─── MATERIALS PROVIDED

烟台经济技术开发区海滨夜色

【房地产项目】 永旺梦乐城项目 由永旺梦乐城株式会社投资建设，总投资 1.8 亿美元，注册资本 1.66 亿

──────
─── MATERIALS PROVIDED

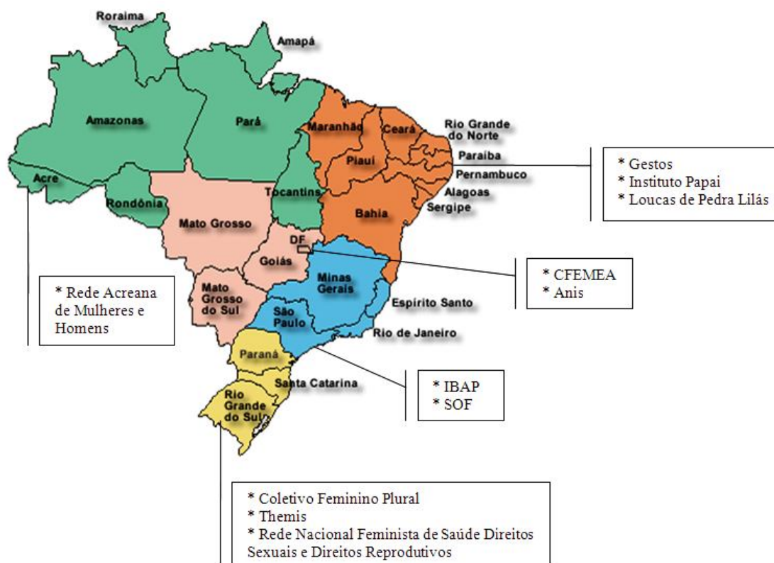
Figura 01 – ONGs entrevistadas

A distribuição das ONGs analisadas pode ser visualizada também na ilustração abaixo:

──────

WHAT YOU SHOULD DO
What lines in the data above contain the word "ONGs"? Copy them all.

RESULT OF THIS EXERCISE
Figura 01 – ONGs entrevistadas
A distribuição das ONGs analisadas pode ser visualizada também na ilustração abaixo:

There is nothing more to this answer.